Современная электронная библиотека ModernLib.Net

Путешествия Тафа - Портреты его детей

ModernLib.Net / Научная фантастика / Мартин Джордж / Портреты его детей - Чтение (Ознакомительный отрывок) (Весь текст)
Автор: Мартин Джордж
Жанр: Научная фантастика
Серия: Путешествия Тафа

 

 


Джордж Мартин

Портреты его детей

Бандероль эту Ричард Кантлинг обнаружил как-то вечером на исходе октября, когда вышел на свою обычную прогулку. Бандероль была прислонена к стене у входной двери. Он рассердился — ведь он уже не раз бросил почтальона обязательно звонить, когда почтовые отправления не пролезали в щель ящика, но тот упрямо оставлял бандероли и посылки на крыльце, откуда их спокойно мог унести любой прохожий. Хотя справедливости ради следует упомянуть, что дом Кантлинга стоял особняком, примостившись над речным обрывом в самом конце тупичка, да и от посторонних глаз его надежно заслоняли деревья. Тем не менее ветер, дождь или снег могли нанести оставленным пакетам непоправимый ущерб.

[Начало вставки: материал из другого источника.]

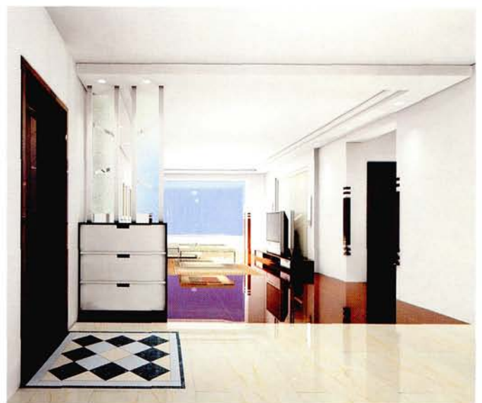
设计：北京龙发装饰集团沈阳公司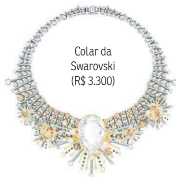
Colar da Swarovski (R$ 3.300)

● Bolsas menores, como as clutchs, são perfeitas para o Natal. Mais arrumadas, são pequenas e práticas para a noite.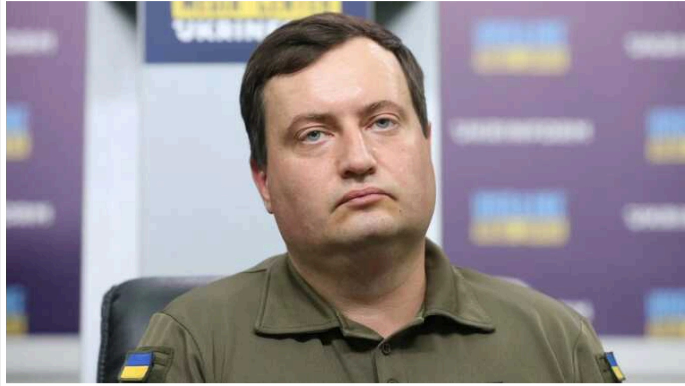
У ГУР МО заперечують, що підозрювані в теракті у «Крокусі» намагалися втекти до України

Російська ФСБ заявила, що нібито підозрювані у скоєнні теракту в "Крокус Сіті Холлі" під Москвою хотіли втекти до України. ГУР заперечує це.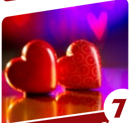
7 הרבנית ימיה מזרחי הסוד של ט"ו באב

מצאנו יסוד גדול זה בשני מקומות. האחד, כאשר התגלה ה' יתברך למשה רבנו בסנה ומשה סירב ללכת בטענה כי הוא ערל שפתיים, הלא יש להבין: מדוע לא ריפאו הקב"ה אלא רק אמר לו "וְאָנֹכִי אֶהְיֶה עִם פִּיךָ וְהוֹרִיתִיךָ אֲשֶׁר תִּדְבַר"? על כך כותב הרמב"ן (שמות ד, י) כי אמנם משה רבנו טען: "אל תצונוי שאלך, כי לא ייתכן לאדון הכול לשלוח שליח ערל שפתיים למלך עמים". אולם "הקב"ה, כיון שלא התפלל בכך, לא רצה לרפאותו!" הרי שאילו היה משה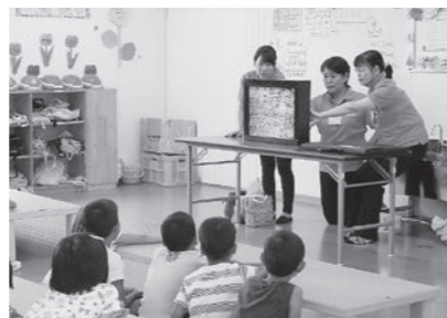
▲ 8/9 女性消防団員による防災啓発 紙芝居の読み聞かせ (ひまわり学童)

Однако досада тут же рассеялась. Форма бандероли, аккуратно завернутой в плотную бумагу и аккуратно запечатанной сургучом, говорила сама за себя. Явно картина, а начертать зеленым фломастером его адрес такими жирными печатными буквами могла только Мишель. Итак, еще один автопортрет. Наверное, ее мучает раскаяние.

Он даже себе не признался, до какой степени удивлен. Ему всегда было свойственно упрямство. Обиды он таил годами, даже десятилетиями, и свои ошибки признавал с величайшим трудом. И Мишель, его единственный ребенок, казалось, унаследовала его склад характера. И он не ждал от нее такого жеста. Такого… ну… милого.

Он прислонил трость к косяку и поспешил с бандеролью в дом, где ее можно было развернуть, не опасаясь никаких порывов сырого октябрьского ветра. Высотой она была около трех футов и оказалась неожиданно тяжелой. Он неловко поднял ее, ногой захлопнул за собой дверь и пошатываясь побрел через длинный холл в кабинет. Коричневые занавески были плотно задернуты, в кабинете царила темнота и затхло пахло пылью. Он поставил бандероль, нашаривая выключатель.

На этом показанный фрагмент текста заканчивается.